The Tufton Viewpoint, Summer 2018
by Chad Meyer
As humidity takes hold and Fourth of July memories fade, there’s just no denying it: the dog days of summer have officially arrived. And while it’s no surprise for market activity to “cool off” around this time of year, one cannot help but suspect there’s more than the usual pre-Labor Day lull currently at work in the financial world. In this space roughly twelve months ago, I described the second quarter of 2017 as “frothy times,” characterized by the feeling that almost any stock was a winner. Looking back over the last three months, it’s clear that froth has given way to a more cautious mood, due in no small part to a collective acknowledgement of uncertainty as the new normal. The view from the beach, it would seem, now includes whitecaps.
From April through June, the Dow Jones Industrial Average and S&P 500 ticked up by roughly 0.5% and 3%, respectively, while the NASDAQ clocked in at a formidable 6.2%. While healthy in and of itself, the drama that punctuated this growth—particularly in the wake of the president’s late May tariff policies—confirmed the “volatility vortex” cited by prominent onlookers at the year’s outset. Perhaps more vexingly, and as the numbers suggest, first-tier gains appear to be clustering into fewer and fewer assets, with a disproportionate emphasis on the technology sector’s “FAANG” stocks (Facebook, Amazon, Apple, Netflix, Google).
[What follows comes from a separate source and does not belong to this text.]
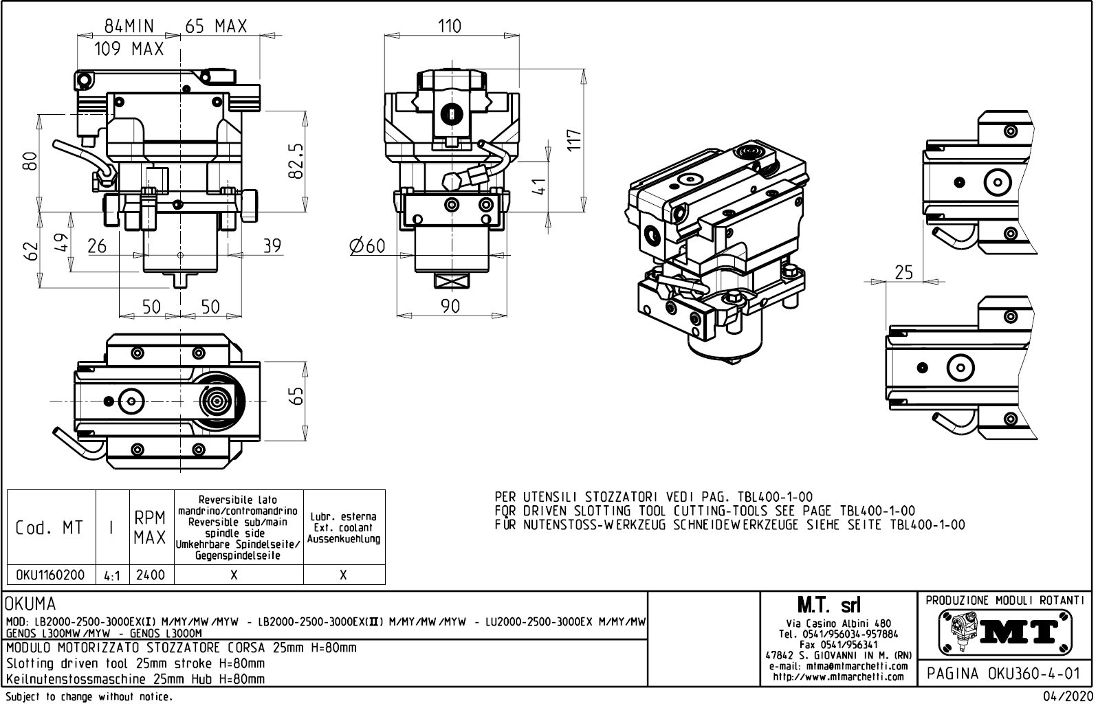 - Okuma - série LB 2000 / 2500 / 3000 EX (II) M / MY / MW / MYW

In other words, folks are more finicky about when and where they’ll get in the water. As the Wall Street Journal recently noted, this makes for a higher risk profile within the traditionally “defensive” S&P 500, with herds of investors piling into a select few stocks upon which the broader market’s fate increasingly rests. What might happen, the common worry goes, when Facebook finally turns in a dud quarter?
In times like these, the benefits of a time-tested, “all weather” investment strategy are thrown into sharpest relief. With many participants continuing to simultaneously crowd into and fret over the same few shares, our team is able to focus on relatively non-correlated opportunities that the herd has ignored. Indeed, in these languid summer weeks, when shifts in seasonal business overlap with a general slowdown in market participation, the disciplined value investor may be rewarded merely by digging where others are not. Conversely, through adherence to bottoms-up fundamental analysis, we’re uniquely positioned to avoid the market’s ticking time-bombs, from the high-flyers overdue for a tumble and the broad indices they may drag down, to the (in our view) significant number of firms milking Trump’s tax cuts to effect inorganic growth.
Of course, there’s no guarantee that the FAANG gang won’t continue to pull most of the market’s weight, rendering those who bothered to look elsewhere foolish in hindsight. But from a historical perspective—on this score, the “dot-com” collapse that put an emphatic end to the 90’s bull market comes to mind—we are instructed by the principle that while hot sectors come and go, the cornerstone principles of sound investment remain fixed. So whether the whitecaps subside or turn to gale waves in the back half of 2018, you can be rest assured that we’ll continue to diligently navigate the market in pursuit of your interests, applying the same free-thinking, steady-handed approach that has kept our clients in good stead since 1995.